■ TO DO
Print the lines below word for word, beginning with the first and ending with the line that holds "佐(7画)三(3画)木(4画) 麻(11画)里(7画)子(3画)", and skip every picture.

■ DATA SEGMENT
· · ·

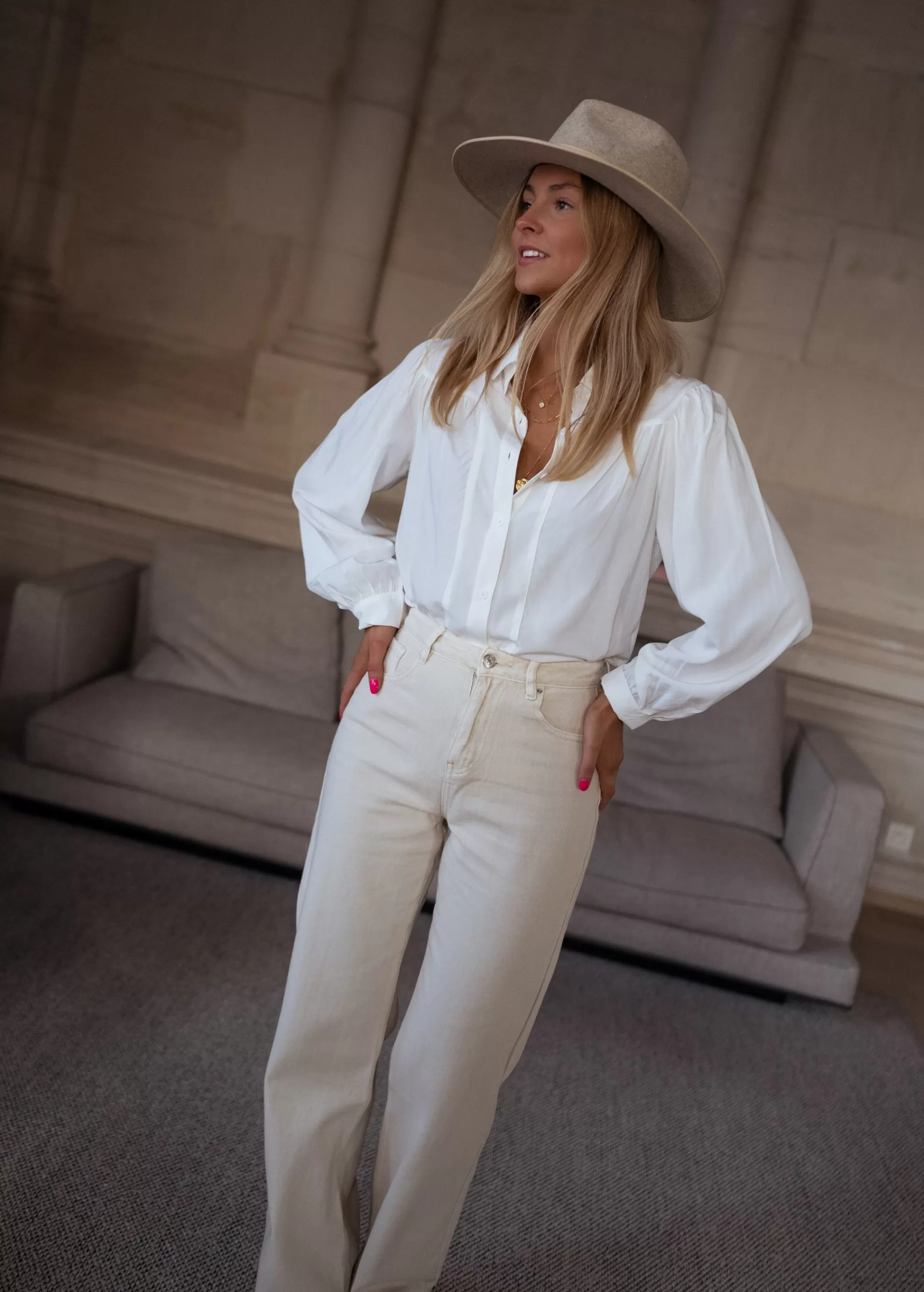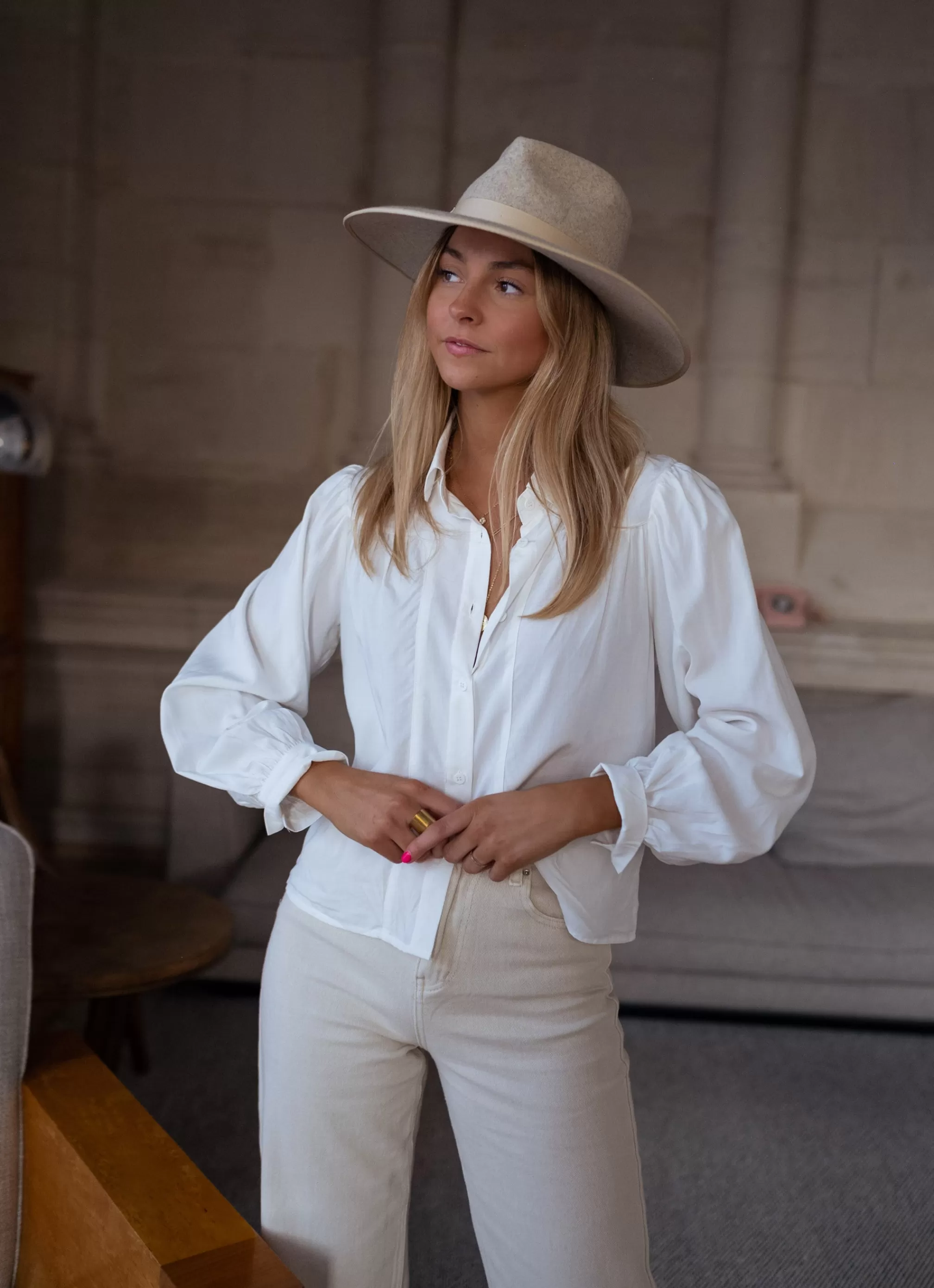 - Slightly balloon long sleeves
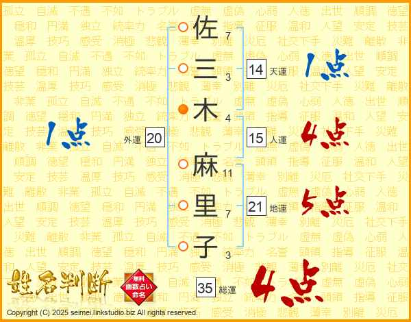 佐(7画)三(3画)木(4画) 麻(11画)里(7画)子(3画)
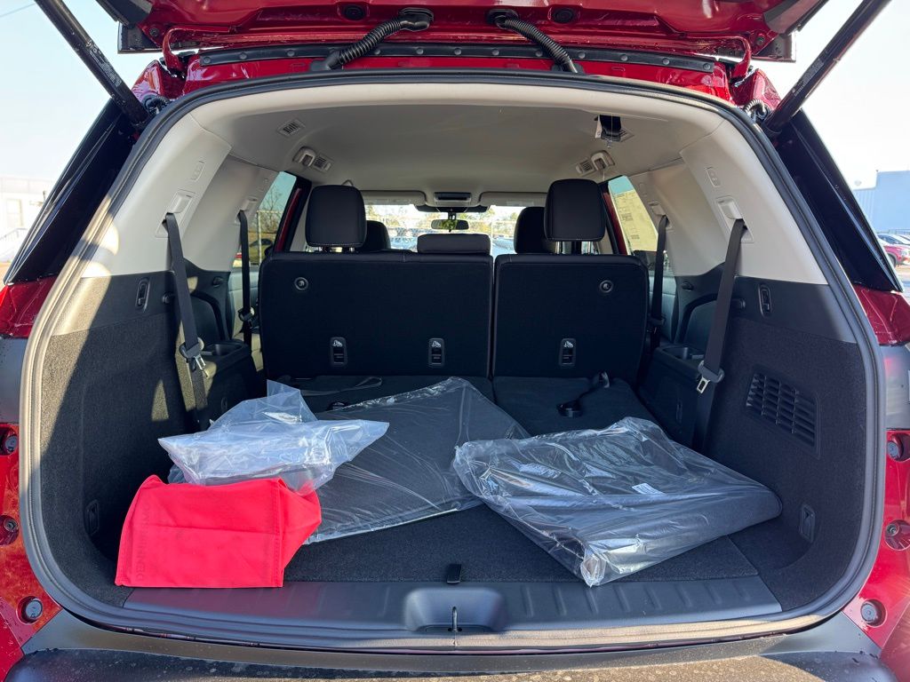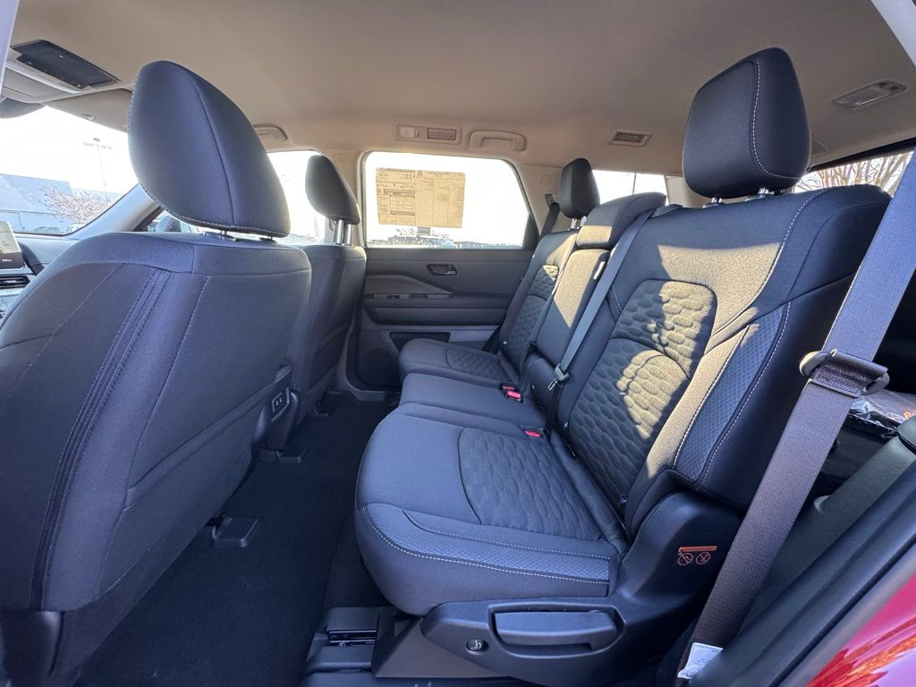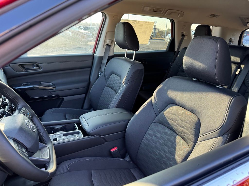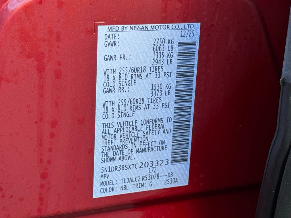 18" Painted Alloy Wheels, 3rd row seats: bench, 4-Piece Black Splash Guards, 4-Wheel Disc Brakes, 6 Speakers, ABS brakes, Air Conditioning, Alloy wheels, AM/FM radio: SiriusXM w/360L, Auto High-beam Headlights, Automatic temperature control, Bench Seat Carpeted Floor Mats, Brake assist, Bumpers: body-color, Cloth Seating Surfaces, Cross Bars, Delay-off headlights, Driver door bin, Driver vanity mirror, Dual front impact airbags, Dual front side impact airbags, Electronic Stability Control, Emergency communication system: NissanConnect Services, Four wheel independent suspension, Front anti-roll bar, Front Bucket Seats, Front Center Armrest, Front dual zone A/C, Front reading lights, Fully automatic headlights, Garage door transmitter: myQ Connected Garage, Heated door mirrors, Heated Front Bucket Seats, Heated front seats, Illuminated entry, Knee airbag, Low tire pressure warning, NissanConnect featuring Apple CarPlay and Android Auto, Occupant sensing airbag, Outside temperature display, Overhead airbag, Overhead console, Panic alarm, Passenger door bin, Passenger vanity mirror, Power door mirrors, Power driver seat, Power Liftgate, Power steering, Power windows, Premium Paint, Radio data system, Radio: AM/FM Audio System with NissanConnect, Rear air conditioning, Rear anti-roll bar, Rear reading lights, Rear seat center armrest, Rear side impact airbag, Rear window defroster, Rear window wiper, Reclining 3rd row seat, Remote keyless entry, Security system, Speed control, Speed-sensing steering, Split folding rear seat, Spoiler, Steering wheel mounted audio controls, Tachometer, Telescoping steering wheel, Tilt steering wheel, Traction control, Trip computer, and Variably intermittent wipers. Price includes all rebates: $2000 - Nissan Customer Cash. Exp. 03/31/2026

· · ·

■ TASK OUTPUT
 - Slightly balloon long sleeves
 佐(7画)三(3画)木(4画) 麻(11画)里(7画)子(3画)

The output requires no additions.